RESULT(S): Patients receiving the GnRH antagonist treatment showed a lower peak serum E(2) (1,334 vs. 1,823 pg/mL) but similar peak serum PE (0.58 vs. 0.65 ng/mL), lower duration of the stimulation (10.3 vs. 11.4 days) with similar FSH consumption (1,613 vs. 1,807 IU), and ovarian response (10.2 vs. 11.7 oocytes). No differences were observed in the fertilization rates (68.1% vs. 64.8%), total number of embryos obtained (5.9 vs. 6.2), mean number of embryos transferred (1.8 vs. 1.8), implantation rate (36% vs. 39%), miscarriage rate (8.9% vs. 17%), ongoing pregnancy rate (47.8% vs. 53.9%), or live birth rate (44.3% vs. 47%).

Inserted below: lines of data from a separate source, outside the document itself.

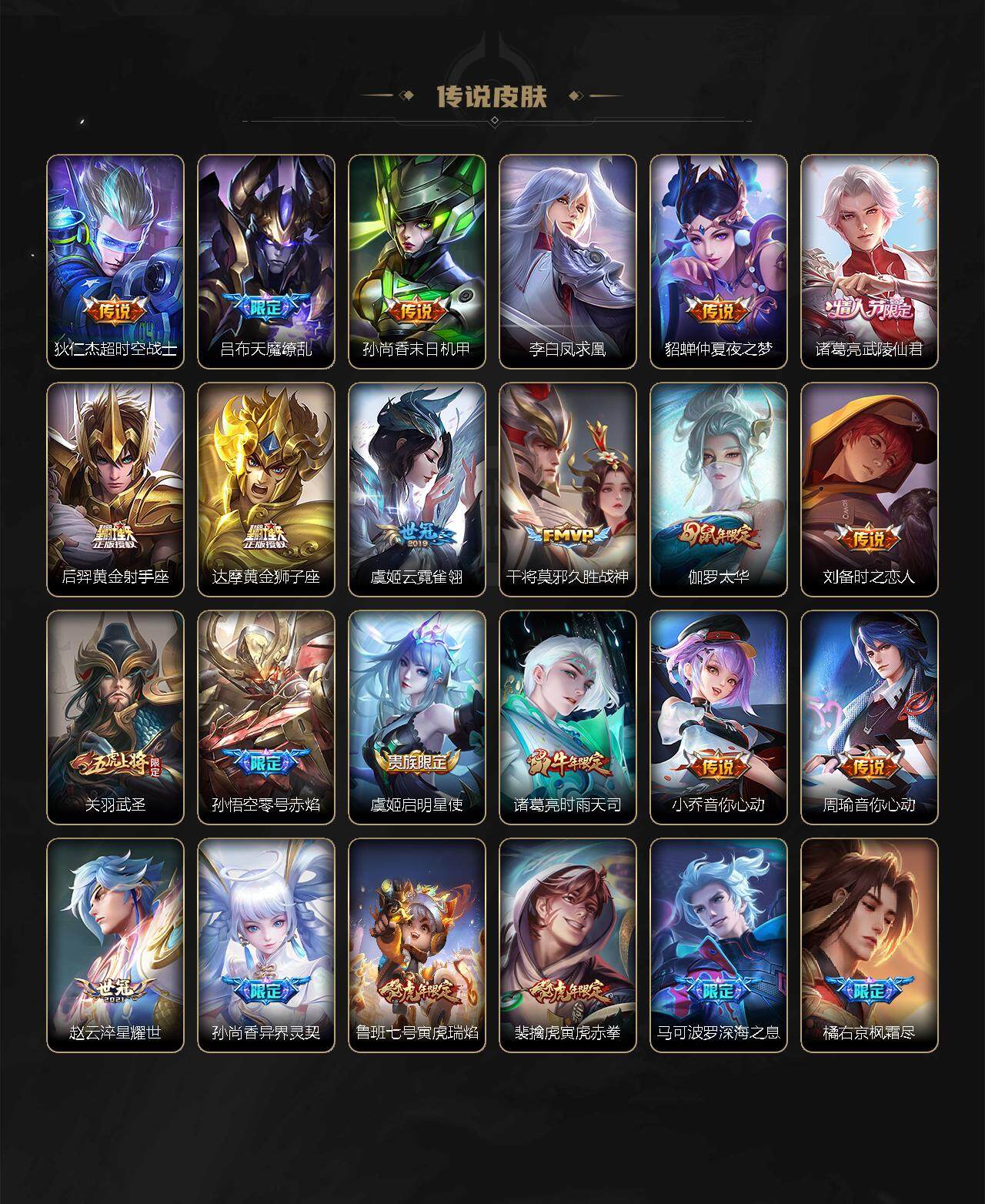 【传说皮肤】:狄仁杰超时空战士,吕布天魔缭乱,孙尚香末日机甲,李白凤求凰,貂蝉仲夏夜之梦,诸葛亮武陵仙君,后羿黄金射手座,达摩黄金狮子座,虞姬云霓雀翎,干将莫邪久胜战神,伽罗太华,刘备时之恋人,关羽武圣,孙悟空零号赤焰,虞姬启明星使,诸葛亮时雨天司,小乔音你心动,周瑜音你心动,赵云淬星耀世,孙尚香异界灵契,鲁班七号寅虎瑞焰,裴擒虎寅虎赤拳,马可波罗深海之息,橘右京枫霜尽,狄仁杰神器狴犴令,李白诗剑行,干将莫邪画中仙,夏洛特浮生妄,公孙离记忆之芯,诸葛亮鹤羽星尊,王昭君永恒水手月亮,露娜霜月吟,赵云乘龙铭钟鼎,吕布曦玄引,桑启鸣野蒿,王昭君映山客,嬴政玄雷天君,虞姬愿照岁时盈
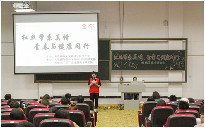 夏近叶成帷。本着普及艾滋病相关知识,帮助广大学生了解、预防艾滋病的目的,5月16日,由重庆邮电大学移通学院学生处主办、大数据与软件学院02141704团支部与天使关“艾”志愿服务专项支队承办的“红丝带系真情,青春与健康同行”预防艾滋专题交流会如期在3203教室举行。
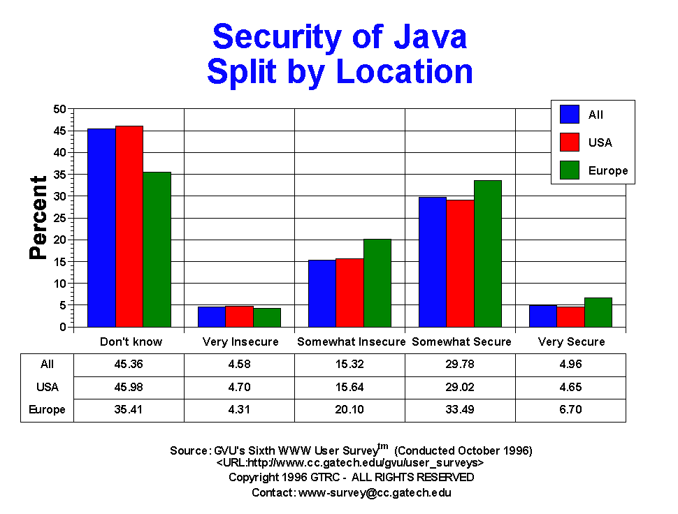 - The largest category of users said that they didn't know how secure Java was (45.4%). Of those who gave it a rating, 8.3% thought it was very insecure, 28.0% said somewhat insecure, 54.5% said somewhat secure and 9.0% thought it was very secure. This represents a distinct shift toward more trust in Java's security measures from the Fifth survey.
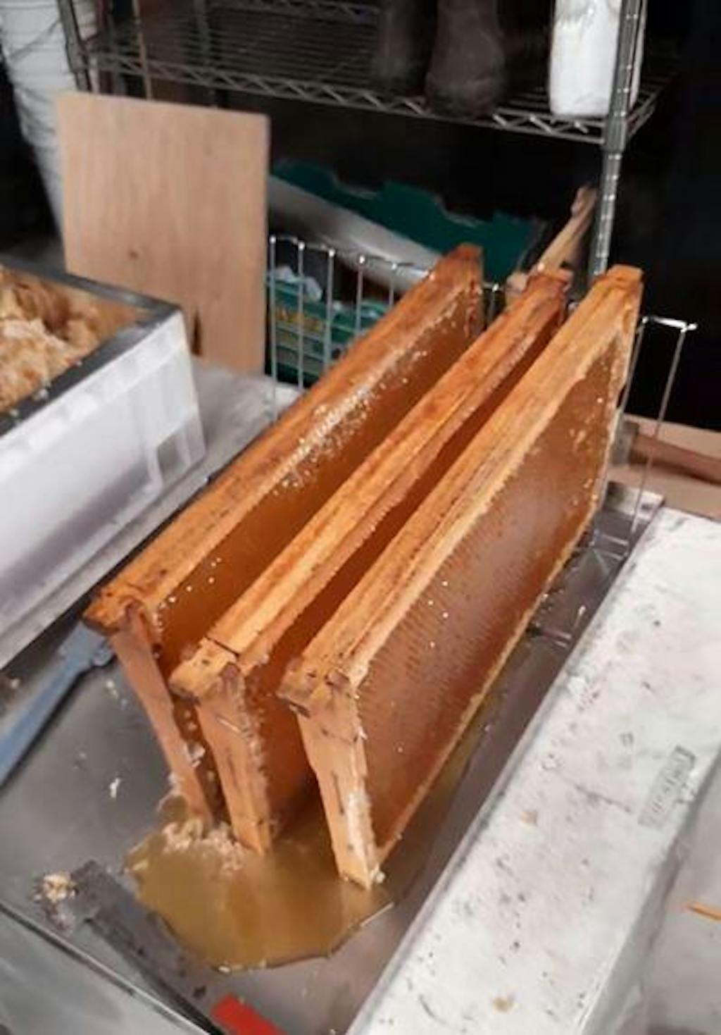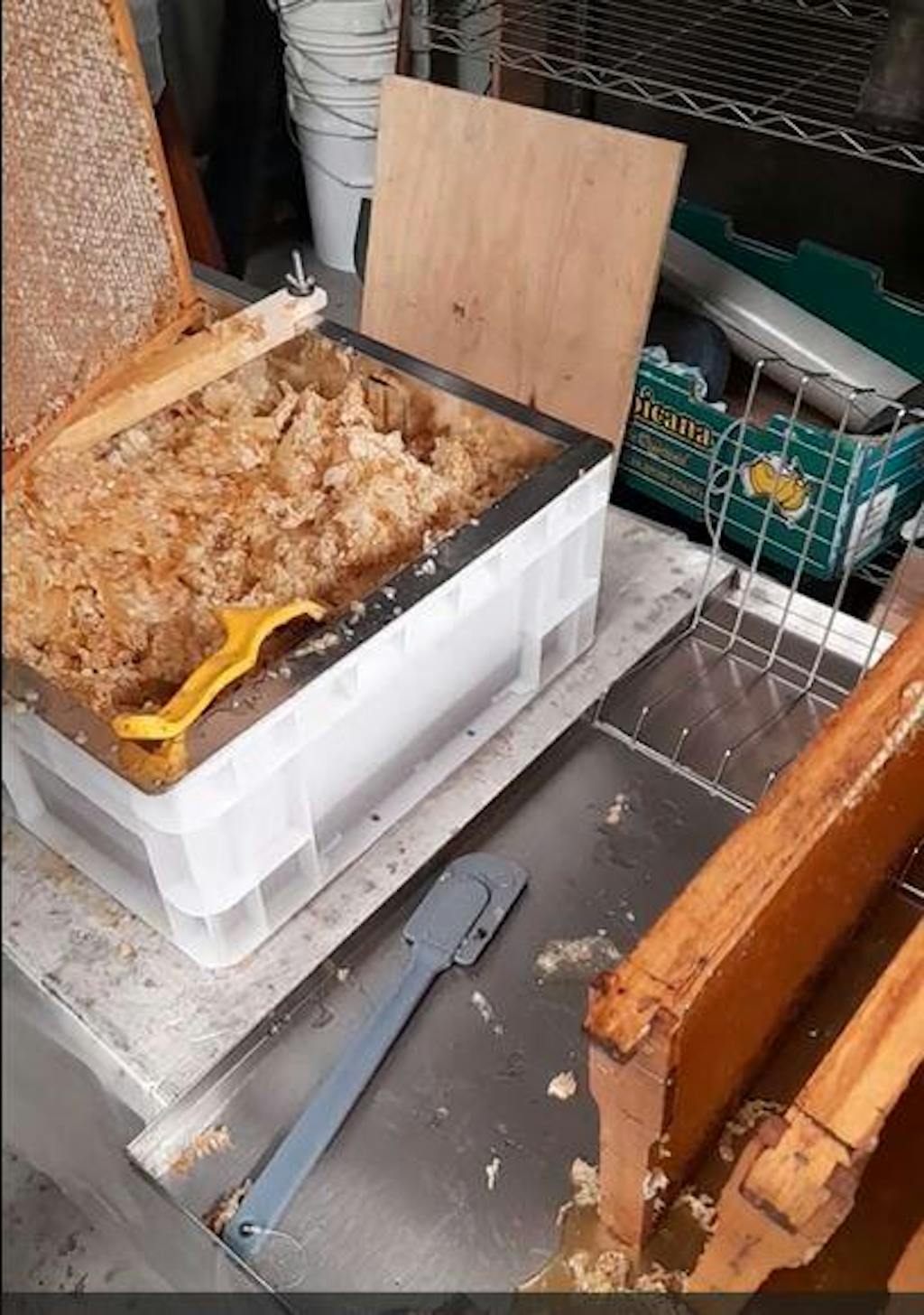 Using either method the wax cappings and any debris collect on the perforated stainless steel grate allowing the honey to drip and collect in the plastic tub which can then be dispensed through the included honey gate.

CONCLUSION(S): Comparable outcomes can be obtained using OCP containing 0.030 ethinyl E(2)/0.15 desogestrel to schedule patients undergoing the antagonist protocol.

摘要

目的

比较 GnRH 拮抗剂周期中使用避孕药(OC)与标准长方案对周期结局的影响。

设计

前瞻性、随机、对照试验。

地点

大学附属私立辅助生殖中心。

患者

年龄≤38 岁、既往 IVF 尝试次数少于 3 次的规律排卵患者。既往卵巢低反应、卵巢手术或多囊卵巢病史为排除标准。

干预

115 例患者口服 0.030 炔雌醇/0.15 去氧孕烯 OC 12-16 天,OC 治疗后第 5 天开始控制性卵巢刺激;113 例患者接受长方案,从上次周期第 20-22 天开始。

主要观察指标

主要结局为持续妊娠率;次要结局变量为临床妊娠率、活产率、种植率和流产率。

结果

接受 GnRH 拮抗剂治疗的患者血清 E2 峰值较低(1334 比 1823 pg/ml),但 PE 峰值相似(0.58 比 0.65 ng/ml),刺激持续时间较短(10.3 比 11.4 天),FSH 用量相似(1613 比 1807 IU),卵巢反应相似(10.2 比 11.7 个卵母细胞)。两组受精率(68.1%比 64.8%)、获卵总数(5.9 比 6.2)、平均移植胚胎数(1.8 比 1.8)、种植率(36%比 39%)、流产率(8.9%比 17%)、持续妊娠率(47.8%比 53.9%)和活产率(44.3%比 47.8%)差异均无统计学意义。

结论

OC 方案(含 0.030 炔雌醇/0.15 去氧孕烯)可用于 GnRH 拮抗剂方案的患者,获得的结果相似。